Give Claude a specific role

You've probably been doing this without realizing

One of the foundational prompt engineering techniques is role prompting, and you've likely been doing it since the early ChatGPT days without fully realizing it. It's simply giving your AI a character to play. For instance, you could instruct it to act like a senior developer, respond as if it's a marketing strategist, act as a teacher explaining a concept to a 5-year-old, and more.

So for instance, I'm a huge fan of using AI to help me study and break down complex concepts I don't fully understand. But like every other AI tool, Claude has a major overexplaining problem. Even when I'm struggling to understand the very basics, it tends to jump straight into long, detailed explanations that feel way more complex than they need to be.

So, instead of telling Claude to explain what a full adder is to me, I'll say, "Explain a full adder to me as if you're a retired professor explaining it to someone who's never taken an engineering class." You'll also find posts all over Reddit and X of people taking a more creative approach by telling Claude to explain complex topics using only pizza delivery metaphors.

I once asked it to teach linear algebra to me as if math concepts were characters in a reality show. It sounds unhinged, but for someone with a goldfish memory, the key to memorization is making things memorable. And frankly, the weirder the analogy, the harder it is for your brain to forget it!

Ask Claude to explain its own reasoning

If you can't explain it, you didn't learn it

Something that's increasingly common is people blindly copying the output an AI tool gives them, pasting it elsewhere, and then calling it a day. Now, while that might get the job done in the moment, you're essentially outsourcing your thinking. And the second something doesn't work or someone asks you to explain it, you're stuck.

This is something that you'll notice especially when using AI tools for tasks like coding. When you're using AI for coding, it's extremely easy to fall into the habit of accepting the code without understanding a single line. Unfortunately, that comes to bite you when something breaks. So, I've been using this prompt I found on Reddit to actually understand the code Claude spits out:

Can you explain what you generated in detail:

1. What is the purpose of this section?

2. How does it work step-by-step?

3. What alternatives did you consider and why did you choose this one?

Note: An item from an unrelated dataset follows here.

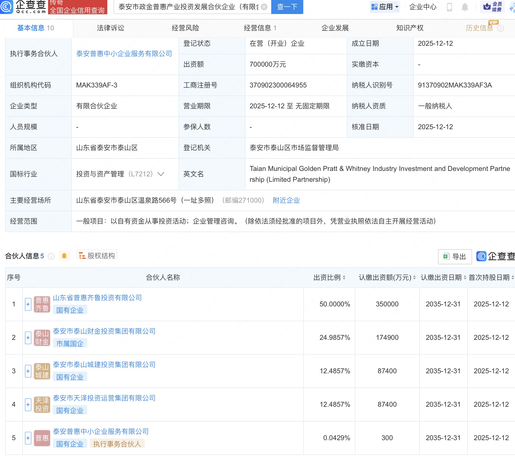 企查查APP显示,近日,泰安市政金普惠产业投资发展合伙企业(有限合伙)成立,出资额70亿元,经营范围包含:以自有资金从事投资活动;企业管理咨询。企查查股权穿透显示,该企业由山东省普惠齐鲁投资有限公司、泰安市泰山财金投资集团有限公司等共同出资。
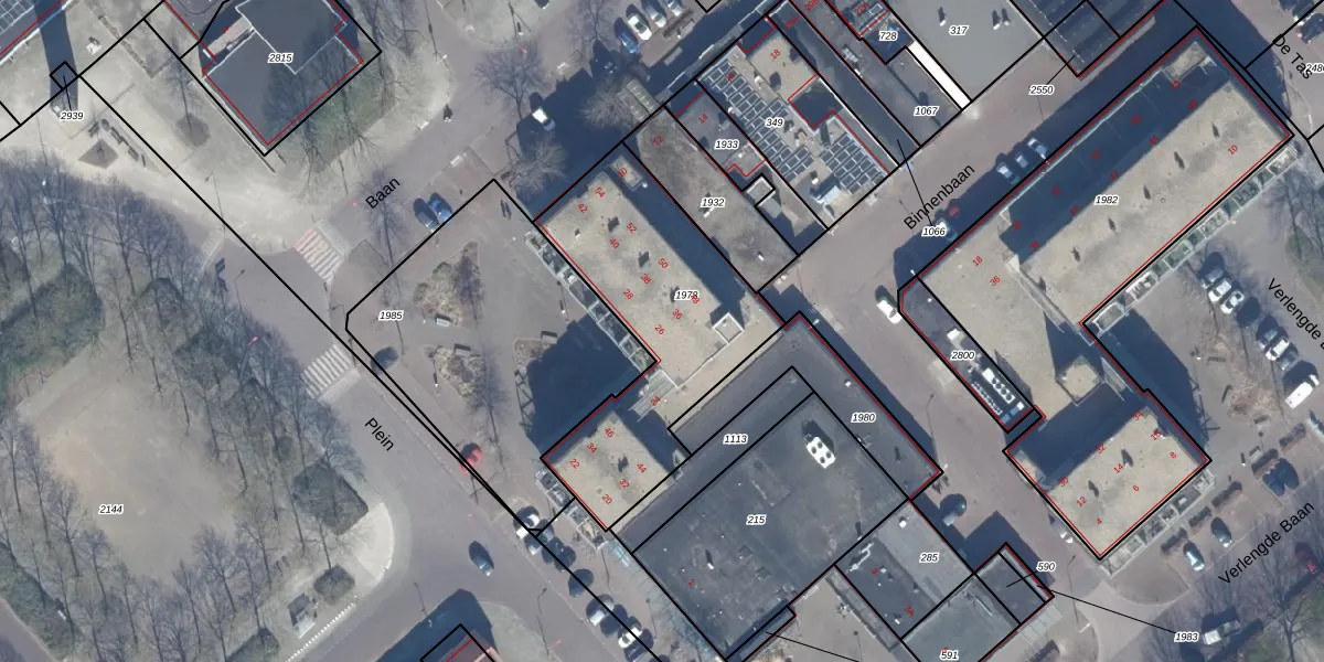 Het perceel waarop Plein 26 staat heeft een oppervlakte van 976 m². Dit is een groot perceel. De perceeloppervlakte wordt geregistreerd door het Kadaster. Gedetailleerde informatie over de maten van dit perceel kunt u vinden in het rapport Kadastrale kaart met maatvoering van Plein 26.

Now, this doesn't need to be just limited to coding! Anytime Claude clearly reasoned through something to give you an answer, ask it to show its work. A simple "why did you choose this approach, and what alternatives did you consider?" goes a long, long way.

Asking Claude to plan first before beginning a complex task

Plan mode, but for regular conversations

I've been using Claude Code a lot lately, and one of my favorite features is its Plan mode. This is why one of my favorite prompts to use when using the normal Claude chat is basically recreating that same energy with a prompt like:

This is a complex task, so before you begin, outline your approach first. Then work through it step by step.

Without this, Claude dives right into the task you've given it. More often than not, you get an output that'll require significant manual tweaking. With this prompt, though, the chances of you getting something that actually feels structured and thought through are much, much higher.

Being intentional is key

Many believe that the longer the prompt, the better your answer will be. That statement only holds true when your prompt genuinely adds content. Length for the sake of length is only going to give Claude more to misinterpret.